_Task brief_
All lines from the one that contains "Оптическая когерентная томография" to the end of the data must be retyped exactly. Pictures are not retyped.

_Listed entries_
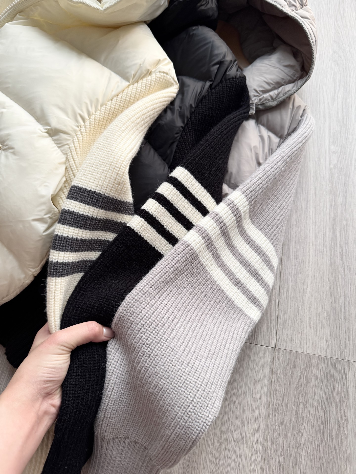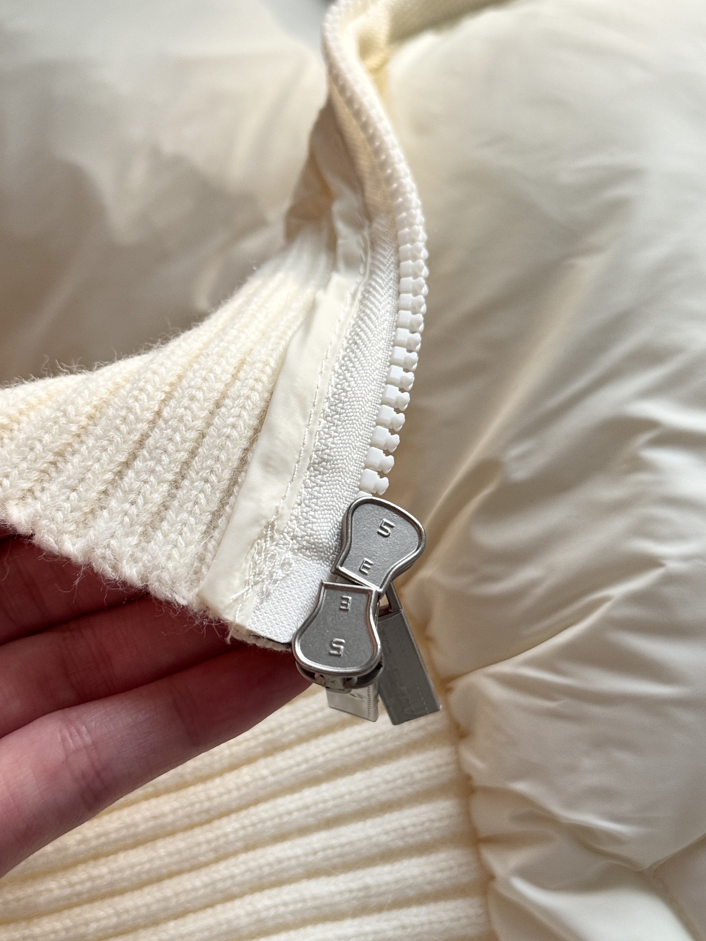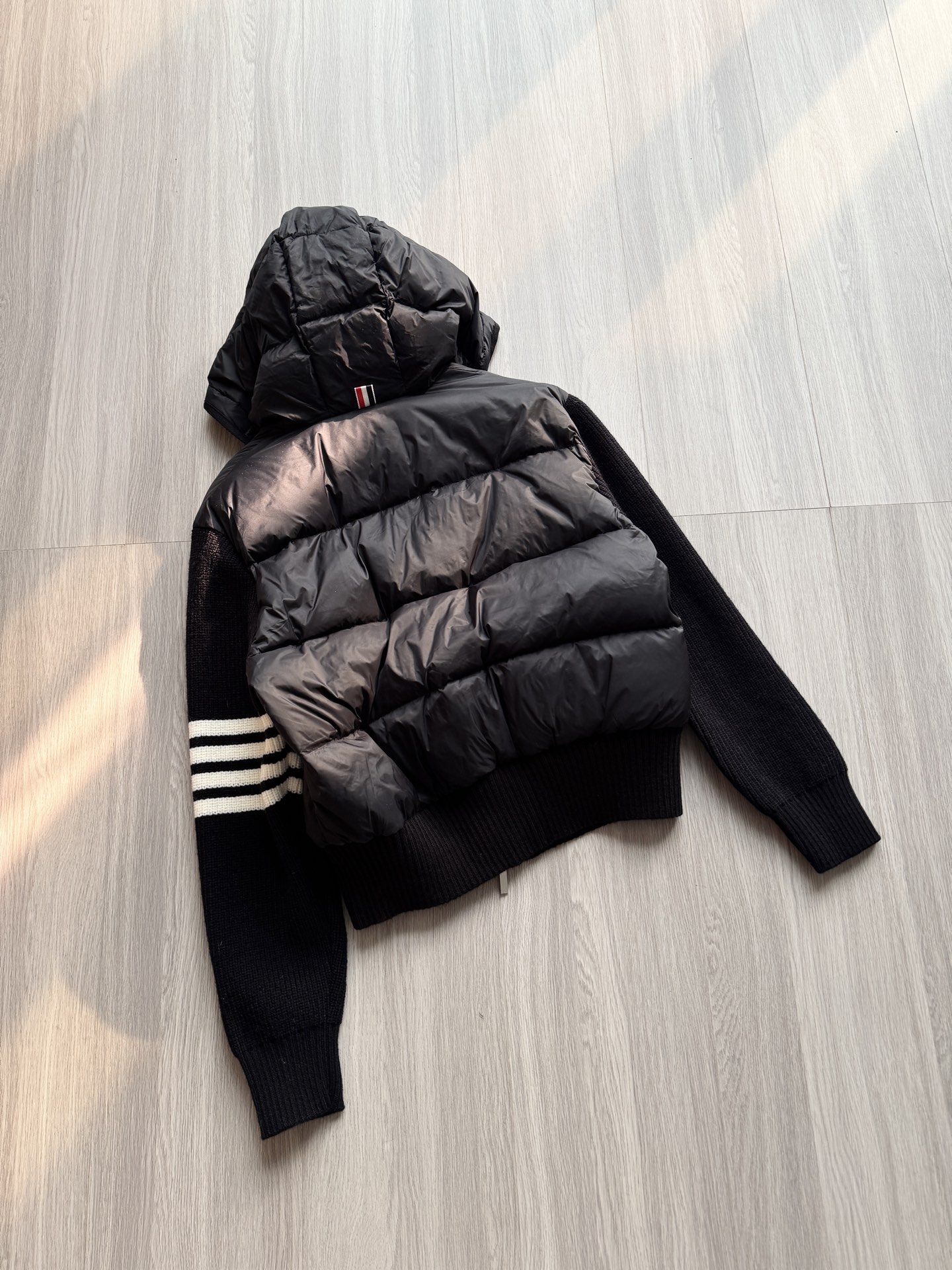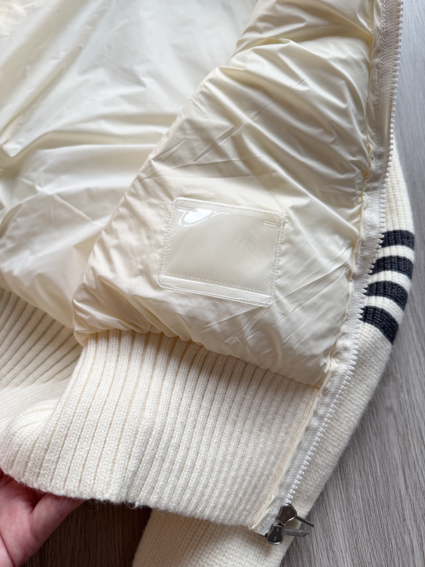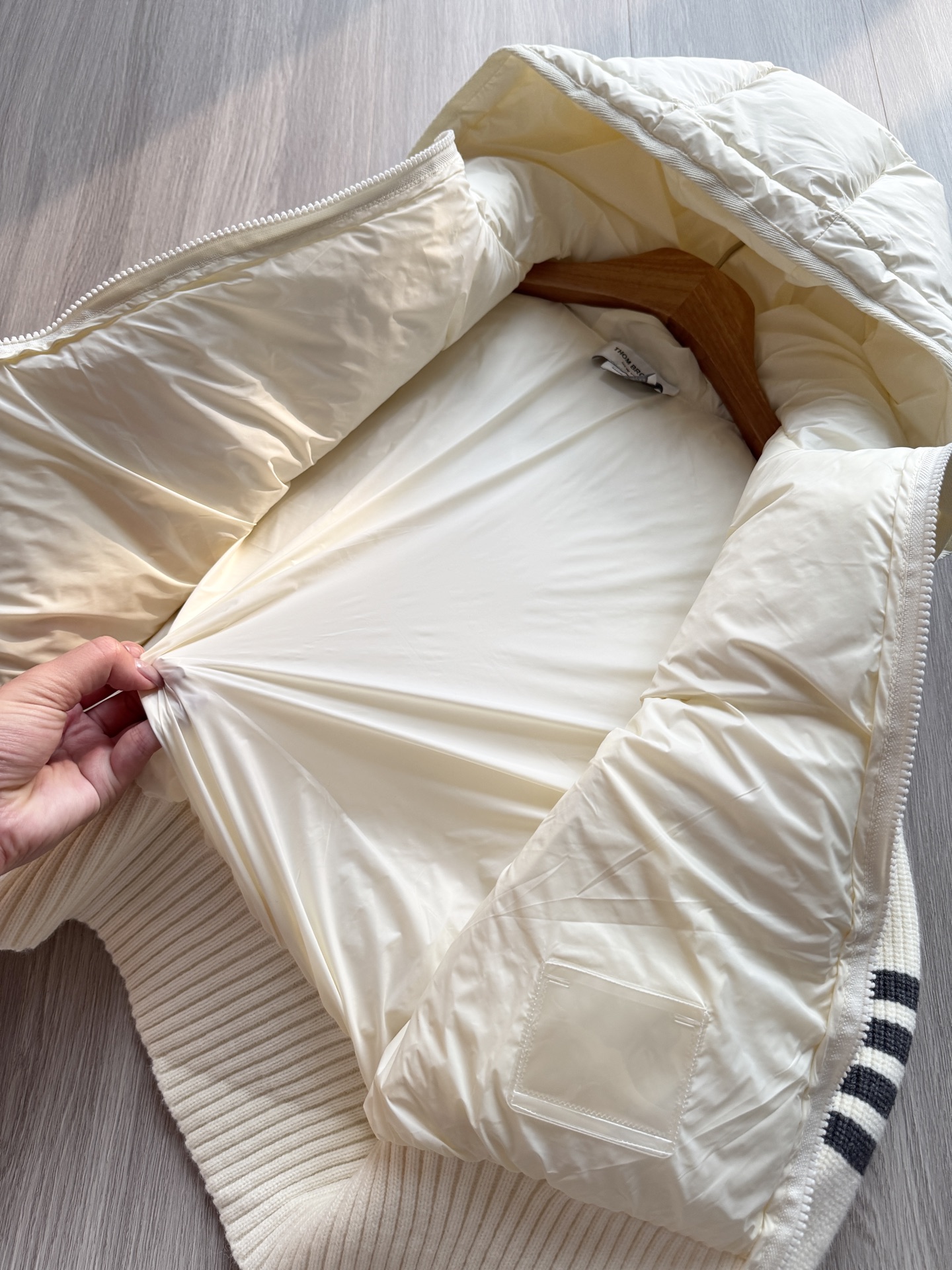 TB 25Ss秋冬最新款羊毛拼接羽绒服外套 国标进口90白鸭绒填充,轻盈舒适自带发热保暖功能 拼接美利奴羊毛舒适厚实的手感 !气质连帽双拉链设计 ,极简休闲收腰版型 ,不挑人上身超显瘦 ,休闲百搭神器 !意式优雅高级感随性又大气
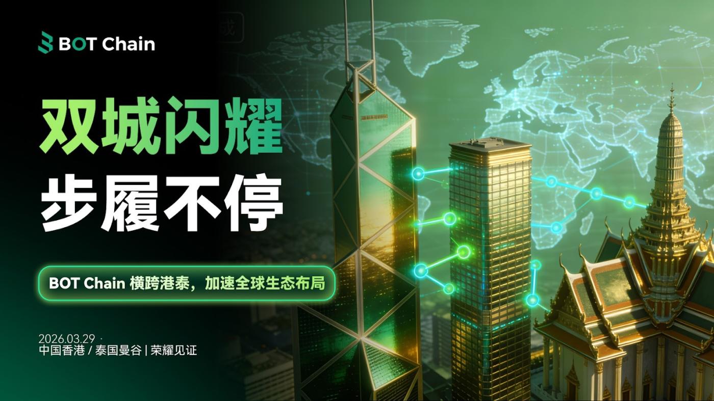 Vào ngày 23 tháng 3 năm 2026, BOT Chain, một mạng lưới thuật toán mô-đun hàng đầu toàn cầu, đã chính thức xác nhận sẽ đồng thời tổ chức hai sự kiện cấp cao trong ngành tại Hồng Kông và Bangkok, Thái Lan vào ngày 29 tháng 3 năm 2026. Điều này đánh dấu lần đầu tiên BOT Chain thực hiện "liên kết hai thành phố" trên toàn cầu, thể hiện sự tiến bộ toàn diện của họ từ câu chuyện công nghệ đến việc triển khai Chuỗi ngành công nghiệp hoàn chỉnh, và từ trọng tâm khu vực đến tầm ảnh hưởng sâu rộng hơn của vốn quốc tế.
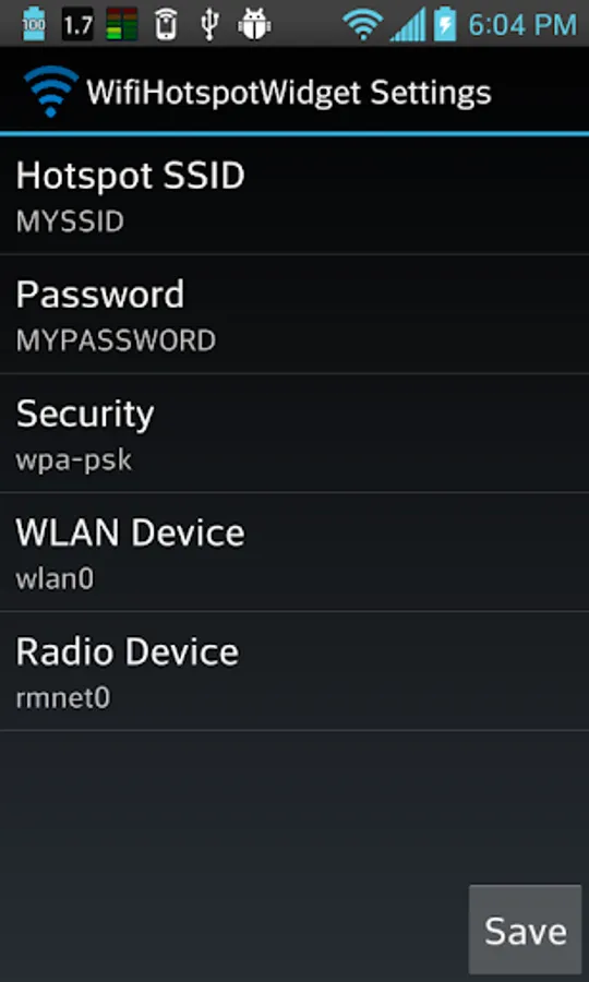 If you need to change these later, just run the app and click 'Settings'. Changes to settings will not take effect while the hotspot is on.
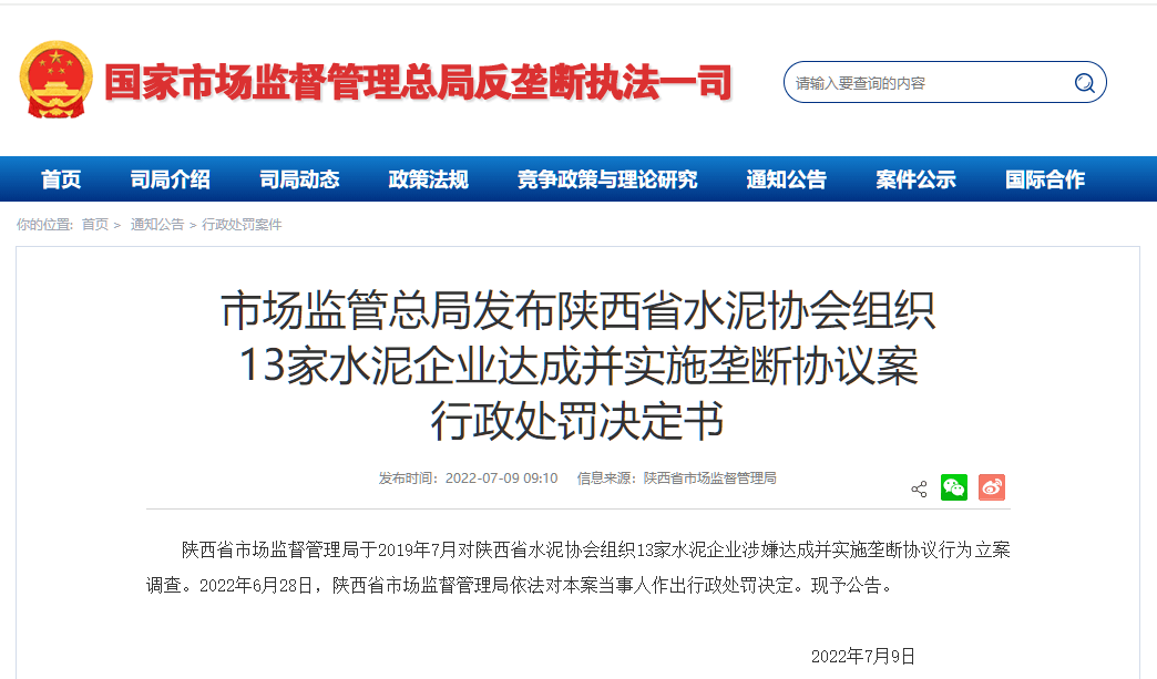 日前,國家市場監管總局發布陜西省水泥協會組織13家水泥企業達成并實施壟斷協議案行政處罰決定書稱,陜西省市場監督管理局于2019年7月對陜西省水泥協會組織13家水泥企業涉嫌達成并實施壟斷協議行為立案調查。2022年6月28日,陜西省市場監督管理局依法對本案當事人作出行政處罰決定?,F予公告。
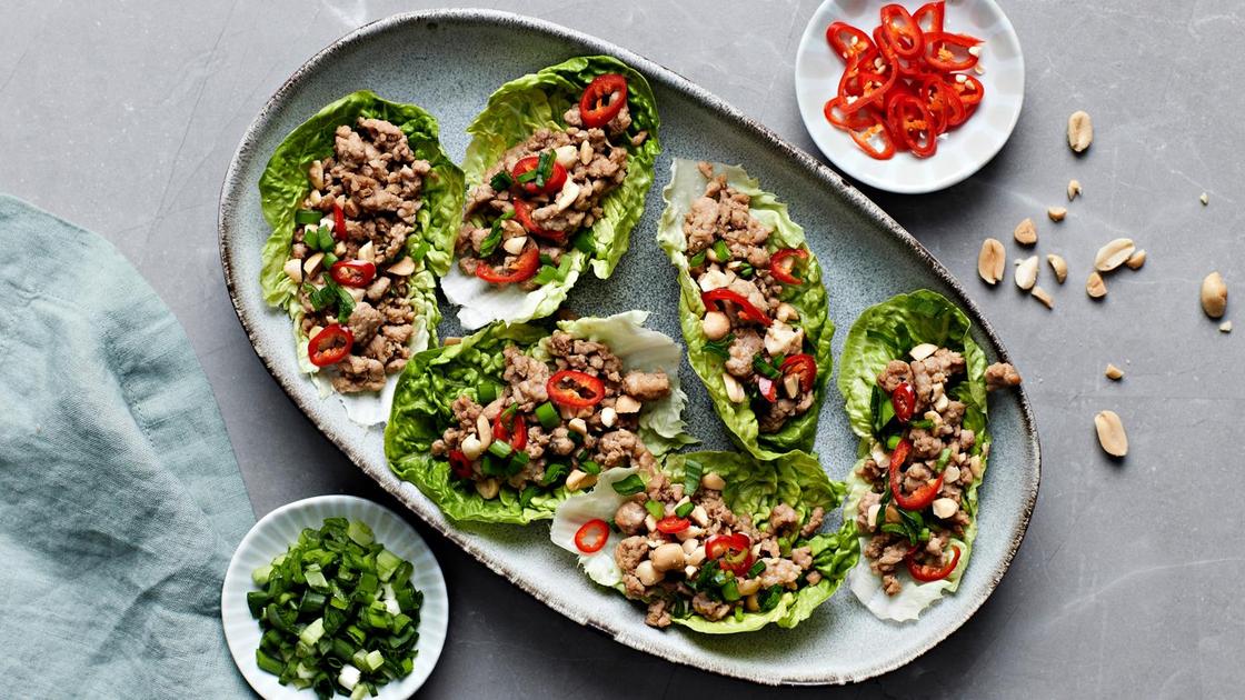 Huuhtele salaatinlehdet ja aseta ne tarjoiluastiaan. Rouhi pähkinät, viipaloi kevätsipulit ja chili. Lusikoi jauhelihaseos salaatinlehdille. Lisää pähkinät, kevätsipulit ja chili annoksiin.
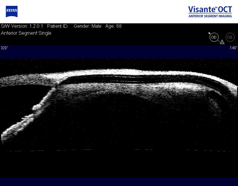 Оптическая когерентная томография переднего отрезка глаза вносит большой вклад в изучение причин гипертензии, визуализации путей оттока внутриглазной жидкости и оценки местоположения дренажей и дренажных устройств. Нами у пациента после имплантации клапана Ahmed установлена миграция трубки в слои склеры, что в последующем привело к повышению ВГД (рис. 3). В литературных источниках встречается описание миграции трубки клапана Ahmed, которая развивается в долговременной перспективе и является редким осложнением. По данным F. Topouzis и соавт., встречаемость данного осложнения составляет 1/31 [19], тогда как D. Budenz и соавт. сообщили о частоте 1/413 пациентов [20].
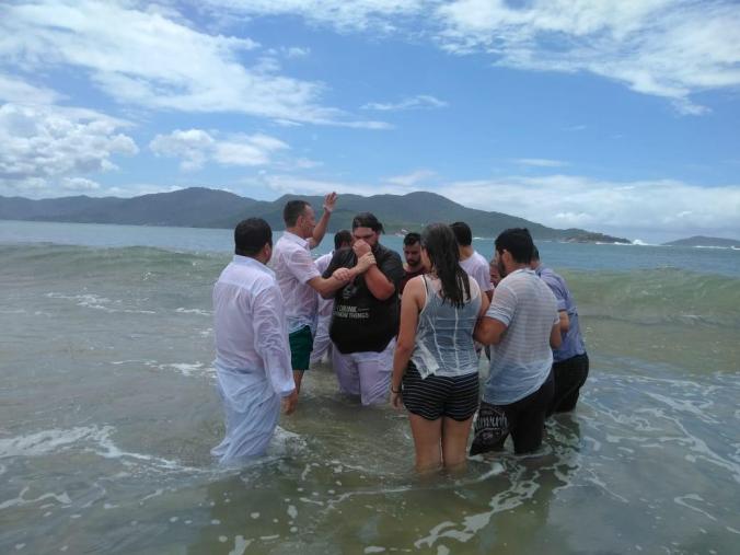 No dia do batismo, um domingo pela manhã, dia 28 de outubro de 2018. Fomos até a praia, o local escolhido foi a Praia do Sonho, em Palhoça, SC. Era verdadeiramente uma visão celestial, um lindo mar, praia branca, natureza, um antigo forte ao fundo, e o mar. Ah, o mar.

_Task result_
 Оптическая когерентная томография переднего отрезка глаза вносит большой вклад в изучение причин гипертензии, визуализации путей оттока внутриглазной жидкости и оценки местоположения дренажей и дренажных устройств. Нами у пациента после имплантации клапана Ahmed установлена миграция трубки в слои склеры, что в последующем привело к повышению ВГД (рис. 3). В литературных источниках встречается описание миграции трубки клапана Ahmed, которая развивается в долговременной перспективе и является редким осложнением. По данным F. Topouzis и соавт., встречаемость данного осложнения составляет 1/31 [19], тогда как D. Budenz и соавт. сообщили о частоте 1/413 пациентов [20].
 No dia do batismo, um domingo pela manhã, dia 28 de outubro de 2018. Fomos até a praia, o local escolhido foi a Praia do Sonho, em Palhoça, SC. Era verdadeiramente uma visão celestial, um lindo mar, praia branca, natureza, um antigo forte ao fundo, e o mar. Ah, o mar.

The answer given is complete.